**Your task:** Leave out the pictures, and retype only the lines from the beginning of the material through the line that contains "Cangkir Jelly Minyak", including both.

--- --- ---

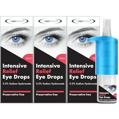 The Eye Doctor Intensive Dry Drops Preservative Free Eyedrops for Relief Gently Calms Itchy, Sore & Infected Eyes Suitable Contact Lenses with 0.3% Sodium Hyaluronate 3X 10ml
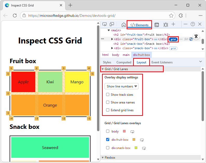 div.fruit-boxとdiv.snack-box] の横にあるチェック ボックスをオンにします。[Grid/Grid Lanes]\(グリッド/グリッド レーン\) セクション>[Overlay display settings]\(表示設定\) サブセクションで、[トラック サイズを表示する] チェック ボックスをオンにします。
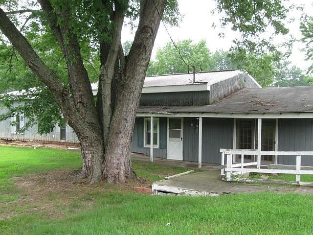 1 story home on over 10 acres. Home is in need of much work and may not be financible other than as a rehab loan. Semi open kitchen, living room and dining room. Garage is on back of house and accessed thru the main hallway. Appears to be structural issues. Sold AS-IS, where-is. Access by easement - no road frontage.
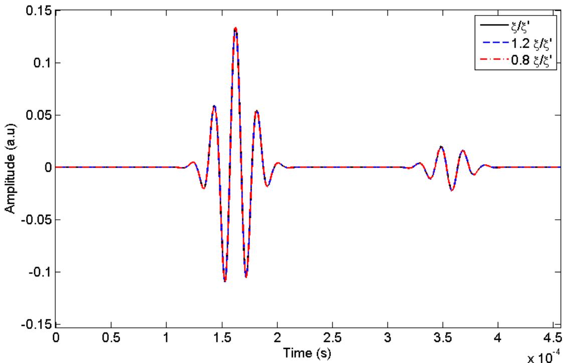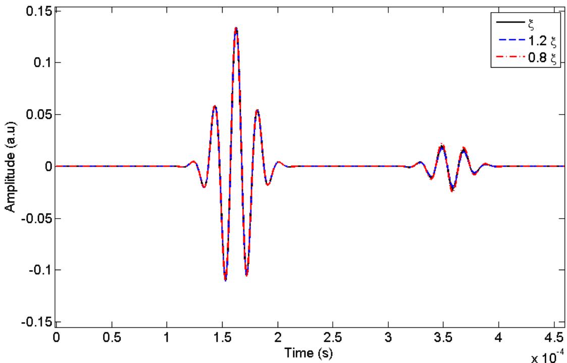 The sensitivity of the shape factor $\xi$ on the 1st and 2nd reflected waves in the Low-Frequency Ultrasound regime is presented in Figure 7. According to this figure, a $-20\%$ variation of $\xi$ results in a regression of $-0.26\%$ and $-4.89\%$ in the amplitude of the 1st and 2nd reflected waves, respectively. For a variation of $+20\%$ of $\xi$, we observe a growth of $+0.17\%$ and $3.29\%$ in the amplitude of the 1st and 2nd reflected waves. It can be concluded that the shape factor $\xi$ has a weak influence on the first reflected wave but a strong sensitivity on the second wave in the low-frequency range of ultrasound. Moreover, the variation decreases for the first reflected wave and increases for the second wave as the frequency increases.
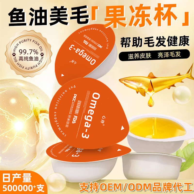 Cangkir Jelly Minyak Ikan Hewan Peliharaan OEM/ODM Merek Pemualai Kucing Anjing Universal Minyak Ikan Laut Dalam Anjing Rambut Cerah Dikurangi
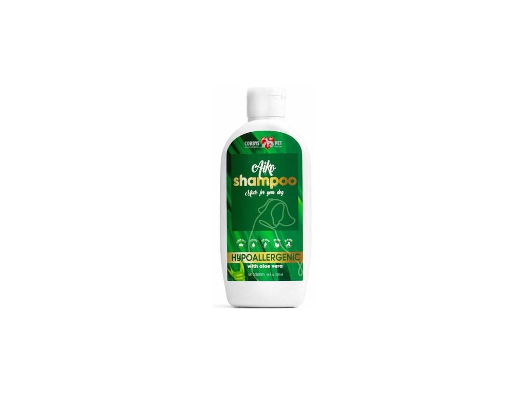 Oblasť a spôsob použitia a dávkovanie: COBBYS PET AIKO HYPOALERGÉNNY ŠAMPÓN sa odporúča najmä pre psy s citlivou pokožkou. Starostlivosť o srsť a pokožku bez narušenia prirodzeného obranného systému pokožky. Aloe Vera hydratuje pokožku, arganový olej je bohatý na Omega-6 esenciálne mastné kyseliny, ktoré stimulujú a regenerujú pokožku, vďaka čomu je pružná a hebká. Zložky v šampóne vyživujú a upokojujú pokožku. Šampón s kvetinovou vôňou. Pripravíme roztok zo šampónu a vlažnej vody. Odporúčané množstvo je 15 ml šampónu/10 kg telesnej hmotnosti. Množstvo šampónu potrebné na kúpanie psa nalejte do 0,5 litra vlažnej vody. Pre väčšie psy použite 40-70 ml do 1,5 litra vody. Pripravený roztok jemne vmasírujeme dopredom navlhčenej srsti zvieraťa. Rozpustené nečistoty a šampón opláchnite veľkým množstvom vlažnej vody.

--- --- ---

**Task answer:**
 The Eye Doctor Intensive Dry Drops Preservative Free Eyedrops for Relief Gently Calms Itchy, Sore & Infected Eyes Suitable Contact Lenses with 0.3% Sodium Hyaluronate 3X 10ml
 div.fruit-boxとdiv.snack-box] の横にあるチェック ボックスをオンにします。[Grid/Grid Lanes]\(グリッド/グリッド レーン\) セクション>[Overlay display settings]\(表示設定\) サブセクションで、[トラック サイズを表示する] チェック ボックスをオンにします。
 1 story home on over 10 acres. Home is in need of much work and may not be financible other than as a rehab loan. Semi open kitchen, living room and dining room. Garage is on back of house and accessed thru the main hallway. Appears to be structural issues. Sold AS-IS, where-is. Access by easement - no road frontage.
 The sensitivity of the shape factor $\xi$ on the 1st and 2nd reflected waves in the Low-Frequency Ultrasound regime is presented in Figure 7. According to this figure, a $-20\%$ variation of $\xi$ results in a regression of $-0.26\%$ and $-4.89\%$ in the amplitude of the 1st and 2nd reflected waves, respectively. For a variation of $+20\%$ of $\xi$, we observe a growth of $+0.17\%$ and $3.29\%$ in the amplitude of the 1st and 2nd reflected waves. It can be concluded that the shape factor $\xi$ has a weak influence on the first reflected wave but a strong sensitivity on the second wave in the low-frequency range of ultrasound. Moreover, the variation decreases for the first reflected wave and increases for the second wave as the frequency increases.
 Cangkir Jelly Minyak Ikan Hewan Peliharaan OEM/ODM Merek Pemualai Kucing Anjing Universal Minyak Ikan Laut Dalam Anjing Rambut Cerah Dikurangi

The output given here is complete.